With statewide data warehousing, it is possible for teachers to review student performance data in ELA and math going back for several years and pinpoint within a specific classroom, down to the student and standard levels, exactly where students have excelled and where they have struggled.
The Student Longitudinal Data System here in Georgia provides a similar level of detailed analysis over time. The key is ensuring that teachers have access to the SLDS and are trained to use it. Although GA teachers are not given access to released testing items in sufficient time to use them for purposes of instructional adjustment, the way that Massachusetts teachers always have been, they do have the Online Assessment System item bank to be able to generate their own diagnostic assessments using items developed in Georgia by fellow teachers and the State.
@ the other poster
Thank you for this current information regarding teacher use of testing items on computers. I can envision personnel hired within a school to generate such updated testing instructional items on computers for teachers, so that the teachers themselves do not have to spend hours of their own time plugging this info into the computers.
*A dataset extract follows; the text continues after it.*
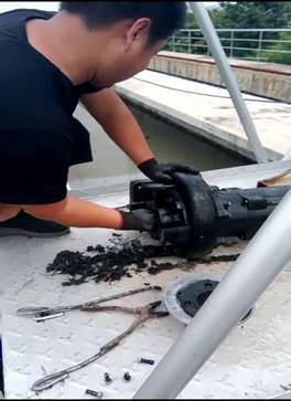 在檢修過程中,機修人員不怕臟、不嫌臭,直接下手將堵塞物、葉輪纏繞物一一清理出來,完美詮釋了污水人“一絲不茍、精益求精”的工作作風和優(yōu)良傳統(tǒng)。正是有這么一群可愛的人,在平凡的崗位默默奉獻,才保證了污水系統(tǒng)各個環(huán)節(jié)設(shè)備設(shè)施的正常運行,進而保證了出水水質(zhì)的穩(wěn)定達標(張曉偉)。

After the computer resource person for the school updates the instructional testing data for each student, teachers would be able to pull this diagnostic information up for a whole class in a matter of seconds. Likewise, if teachers were allowed to plan together in a team approach for a group of 150 students in several teachers classes (while the students are outside in P. E. activities), the developed computer program would allow the teachers to team- generate instructional groupings that are homogeneous in instructional need, across several classes and even across several grades. As the teachers move students in their section of the building to other teachers’ classes for instructional pinpointed groupings, teachers overall would have much less differentiation to cover within their individual classes. (Five heads are better than one.) Teachers need the administrative flexibility to be able to structure this grouping design within the school, using the computer data as the intial genesis of the groupings with verbal input added. One last point: Confidential I Q scores should also be a part of this mix of data on the computer programs because students with lower IQs will, in general, not be able to move through concepts to mastery level as quickly as those students whose IQs are much higher. Because IQ can vary from year to year to some extent, these scores likewise should be confidentially updated.
I hired a Director of Data Operations to oversee these processes and free teachers up to use the information to refine their teaching. Our student information systems vendor has been engaged to do the data entry legwork so teachers don’t have to. The Director will train instructional staff on how to generate the types of reports teachers need to be able to identify specific students in need of specific remediation so that teachers are able to group students accordingly. The Director also will produce reports so that instructional leadership administrators are able to analyze data and see trends to share with the teaching staff.